Context window overflow is an invisible failure mode. The model silently loses information as earlier messages get truncated or summarized. Debug this by tracking what the agent can and cannot see.

### Context Budget Tracking

```python
class ContextBudgetTracker:
    def __init__(self, max_tokens: int):
        self.max_tokens = max_tokens
        self.entries: list[dict] = []

    def add_entry(self, role: str, content: str, source: str):
        tokens = count_tokens(content)
        self.entries.append({
            "role": role,
            "source": source,
            "tokens": tokens,
            "timestamp": time.time(),
        })

    def report(self) -> dict:
        total = sum(e["tokens"] for e in self.entries)
        by_source = {}
        for e in self.entries:
            by_source.setdefault(e["source"], 0)
            by_source[e["source"]] += e["tokens"]

        return {
            "total_tokens": total,
            "max_tokens": self.max_tokens,
            "utilization": round(total / self.max_tokens, 2),
            "by_source": dict(sorted(by_source.items(), key=lambda x: -x[1])),
        }
```

The `by_source` breakdown tells you what is consuming context. If tool results account for 70% of context, your tools are returning too much data. If system instructions take 30%, they need trimming.
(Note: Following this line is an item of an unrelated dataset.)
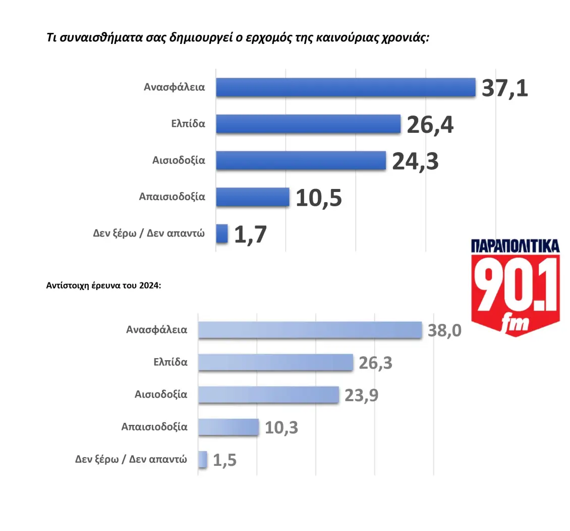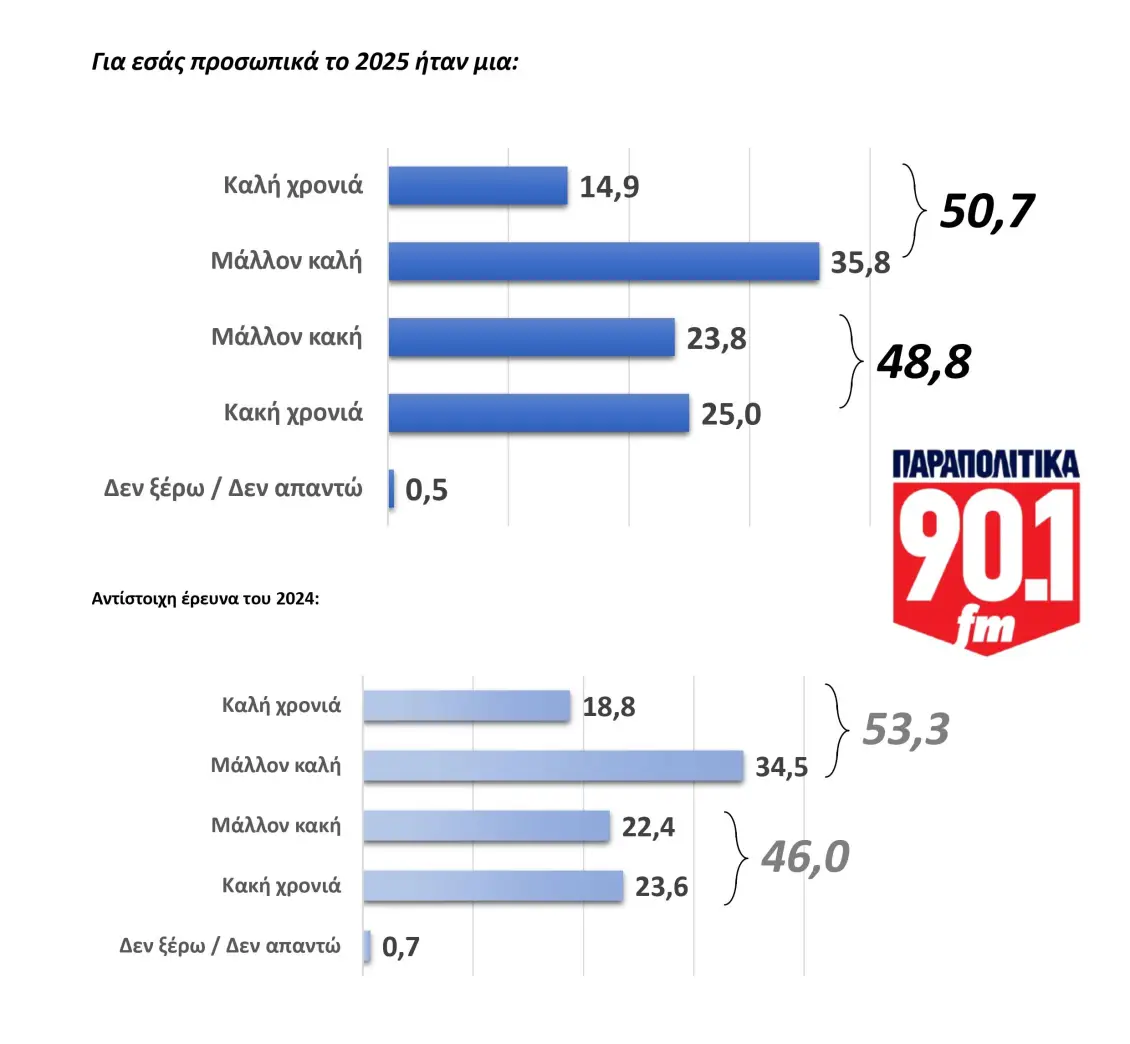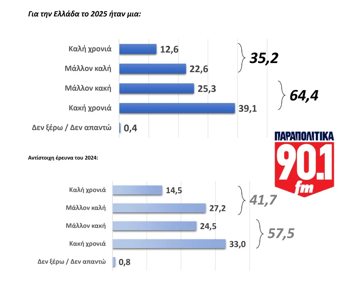 Το 2025 κλείνει για τους Έλληνες με κυρίαρχα αισθήματα ανασφάλειας και αβεβαιότητας, αλλά και με ένα μικρό –αν και υπαρκτό– παράθυρο ελπίδας για τη χρονιά που έρχεται. Το Βαρόμετρο της GPO για το ραδιόφωνο των ΠΑΡΑΠΟΛΙΤΙΚΩΝ επιχειρεί να αποτυπώσει το αποτύπωμα μιας δύσκολης χρονιάς, να συγκρίνει τις στάσεις των πολιτών με το 2024 και να σκιαγραφήσει τις προσδοκίες για το 2026.

### Context Eviction Logging

When the agent runtime trims old messages to make room, log what was removed. Future debugging depends on knowing whether the agent still had access to a critical piece of information when it made a decision.

```python
def evict_oldest_messages(messages: list, target_tokens: int) -> list:
    evicted = []
    while count_tokens(messages) > target_tokens and len(messages) > 2:
        removed = messages.pop(1)  # Keep system message (index 0)
        evicted.append({
            "role": removed["role"],
            "tokens": count_tokens([removed]),
            "preview": truncate(removed["content"], 100),
        })

    if evicted:
        logger.info("context_eviction",
            messages_removed=len(evicted),
            tokens_freed=sum(e["tokens"] for e in evicted),
            previews=[e["preview"] for e in evicted],
        )

    return messages
```

## Building a Debugging Dashboard

Combine traces, logs, and metrics into a debugging workflow. The practical approach uses three views.

**Session timeline.** A chronological view of one agent session showing each LLM call, tool invocation, and result. Click any step to see full inputs and outputs. This is your primary debugging tool for individual failures.

**Aggregate metrics.** Track across all sessions: average turns per task, tool error rates, timeout frequency, context utilization distribution, and hallucination detection rates. These reveal systemic issues -- a tool that fails 30% of the time, a prompt that consistently leads to retry loops.

**Anomaly detection.** Flag sessions that deviate from normal patterns: unusually high turn counts, same tool called more than 5 times, context utilization above 90%, or tool error rates above the session average. These outliers are where the bugs live.

The investment in agent observability pays off immediately. Without it, debugging an agent means re-running the conversation and hoping you can reproduce the issue. With it, you open the trace and read exactly what happened.